京都新聞
自殺者の「生」の痕跡伝える 京都で写真展
京都市内各地で開催中の国際写真祭「KYOTOGRAPHIE(キョウトグラフィー)」で、京都市北区の若手写真家吉田亮人さん(36)が、23歳で自殺したいとこと、その後亡くなった祖母の生前の暮らしを撮影した写真を展示している。悲しい結末だが、吉田さんは「見た人が自殺について考える契機になれば」と話している。
吉田さんは宮崎県出身。大学卒業後6年間、京都市内の小学校で教壇に立ったが、29歳で写真家に転身した。労働などをテーマに写真を撮り続けている。

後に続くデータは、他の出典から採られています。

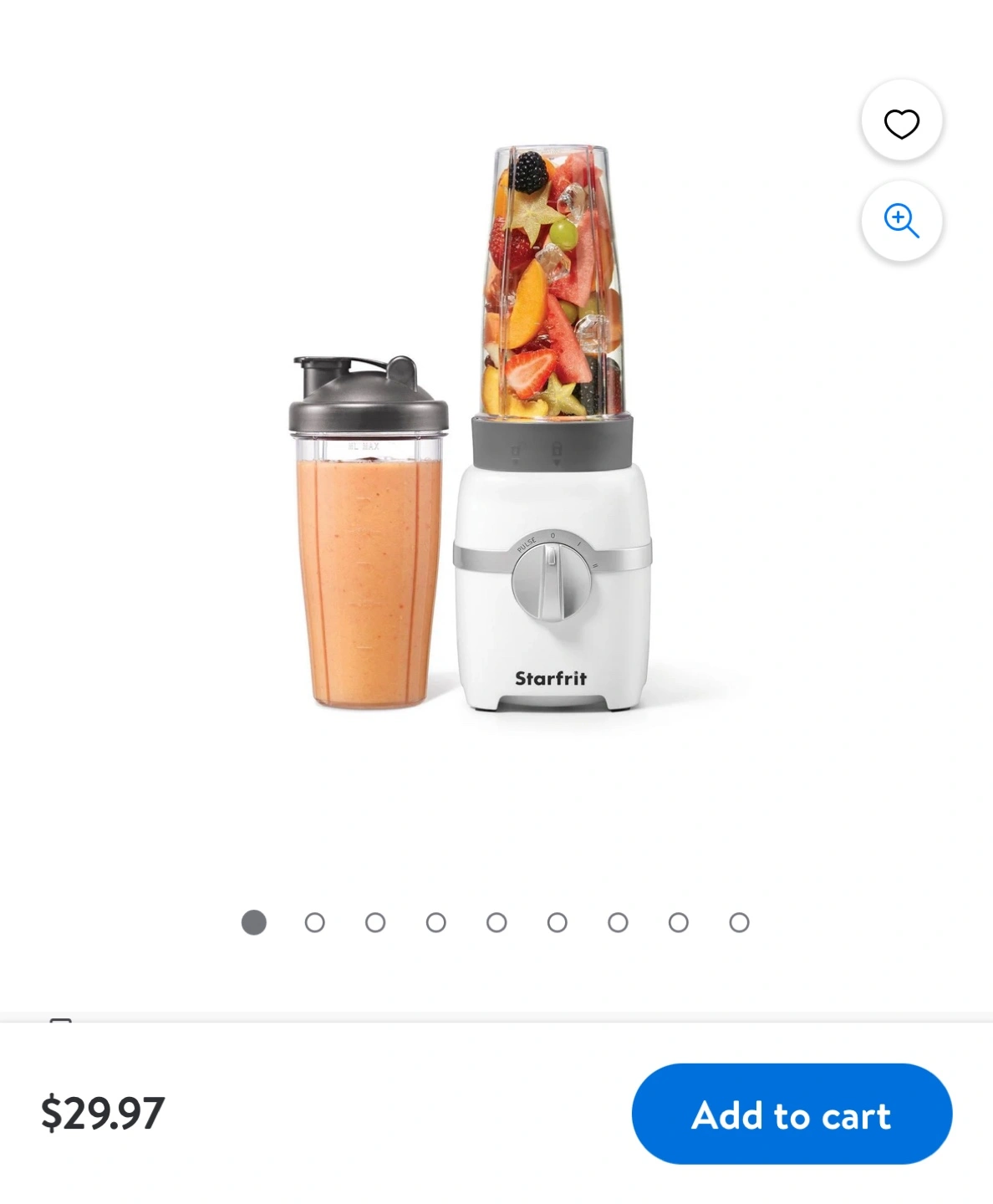 Looking to make smoothies or shakes on the go? This Starfrit personal blender is perfect for you! It comes with a blending jar and a travel lid, so you can easily take your creations with you. It's in great condition and ready for a new home

宮崎県でともに暮らしていた祖母といとこ(孫)にも2011年からレンズを向けてきた。しかし、14年にいとこが行方不明になり、翌年、山中で遺体で見つかった。16年には後を追うように88歳の祖母が老衰で亡くなった。
写真展のタイトルは「Falling Leaves」。意味は落ち葉で、いとこの遺体を覆っていたことから名付けた。吉田さんは「家族の死を扱うため発表に葛藤もあったが、生きた痕跡を残したい」と決断した。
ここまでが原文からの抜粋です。